# # Random number generation

## # True random value generator

To generate true random values that can be used for cryptography `std::random_device` has to be used as generator.

``````#include <iostream>
#include <random>

int main()
{
std::random_device crypto_random_generator;
std::uniform_int_distribution<int> int_distribution(0,9);

int actual_distribution = {0,0,0,0,0,0,0,0,0,0};

for(int i = 0; i < 10000; i++) {
int result = int_distribution(crypto_random_generator);
actual_distribution[result]++;
}

for(int i = 0; i < 10; i++) {
std::cout << actual_distribution[i] << " ";
}

return 0;
}

``````

`std::random_device` is used in the same way as a pseudo random value generator is used.

However `std::random_device` may be implemented in terms of an implementation-defined pseudo-random number engine if a non-deterministic source (e.g. a hardware device) isn't available to the implementation.

Detecting such implementations should be possible via the `entropy` member function (which return zero when the generator is completely deterministic), but many popular libraries (both GCC's libstdc++ and LLVM's libc++) always return zero, even when they're using high-quality external randomness.

## # Generating a pseudo-random number

A pseudo-random number generator generates values that can be guessed based on previously generated values. In other words: it is deterministic. Do not use a pseudo-random number generator in situations where a true random number is required.

``````#include <iostream>
#include <random>

int main()
{
std::default_random_engine pseudo_random_generator;
std::uniform_int_distribution<int> int_distribution(0, 9);

int actual_distribution = {0,0,0,0,0,0,0,0,0,0};

for(int i = 0; i < 10000; i++) {
int result = int_distribution(pseudo_random_generator);
actual_distribution[result]++;
}

for(int i = 0; i <= 9; i++) {
std::cout << actual_distribution[i] << " ";
}

return 0;
}

``````

This code creates a random number generator, and a distribution that generates integers in the range [0,9] with equal likelihood. It then counts how many times each result was generated.

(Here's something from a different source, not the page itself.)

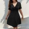Women's Fashion Casual V-Neck Twisted Knot Solid Color Short Sleeve Plus Size Dress

The template parameter of `std::uniform_int_distribution<T>` specifies the type of integer that should be generated. Use `std::uniform_real_distribution<T>` to generate floats or doubles.

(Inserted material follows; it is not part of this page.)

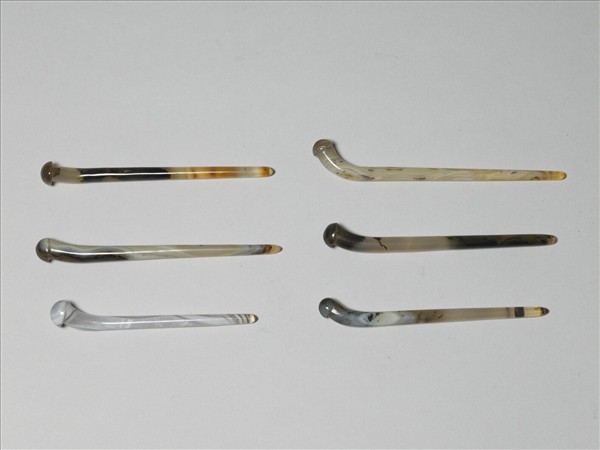 大小瑪瑙質素鋌簪六支,近簪首處略弧折,簪首琢為一類半圓形球面,有如菇類。整器雖光素無紋,但瑪瑙有如乳湯狀暈染的天然質理,讓素鋌無紋的簪子,也顯得相當悅目。

## # Using the generator for multiple distributions

The random number generator can (and should) be used for multiple distributions.

``````#include <iostream>
#include <random>

int main()
{
std::default_random_engine pseudo_random_generator;
std::uniform_int_distribution<int> int_distribution(0, 9);
std::uniform_real_distribution<float> float_distribution(0.0, 1.0);
std::discrete_distribution<int> rigged_dice({1,1,1,1,1,100});

std::cout << int_distribution(pseudo_random_generator) << std::endl;
std::cout << float_distribution(pseudo_random_generator) << std::endl;
std::cout << (rigged_dice(pseudo_random_generator) + 1) << std::endl;

return 0;
}

``````

In this example, only one generator is defined. It is subsequently used to generate a random value in three different distributions. The `rigged_dice` distribution will generate a value between 0 and 5, but almost always generates a `5`, because the chance to generate a `5` is `100 / 105`.

#### # Remarks

Random number generation in C++ is provided by the `<random>` header. This header defines random devices, pseudo-random generators and distributions.

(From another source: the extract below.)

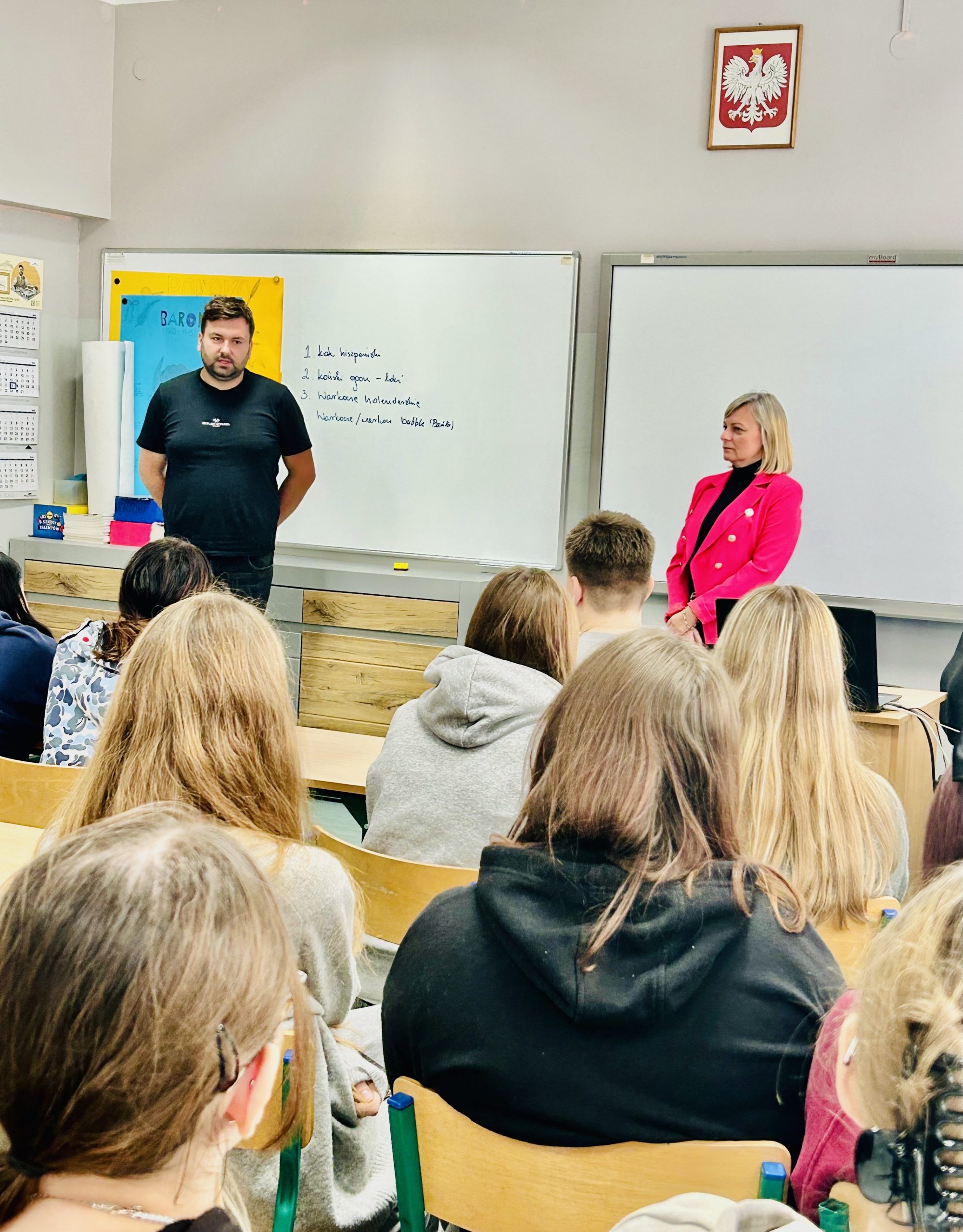 Nie zabrakło też słów uznania dla naszej szkoły – Krzysztof zauważył, jak nowocześnie wyposażone są pracownie i jak profesjonalnie wygląda nauka zawodu w ZSIŚiU.

Random devices return random numbers provided by operating system. They should either be used for initialization of pseudo-random generators or directly for cryptographic purposes.

Pseudo-random generators return integer pseudo-random numbers based on their initial seed. The pseudo-random number range typically spans all values of an unsigned type. All pseudo-random generators in the standard library will return the same numbers for the same initial seed for all platforms.

Distributions consume random numbers from pseudo-random generators or random devices and produce random numbers with necessary distribution. Distributions are not platform-independent and can produce different numbers for the same generators with the same initial seeds on different platforms.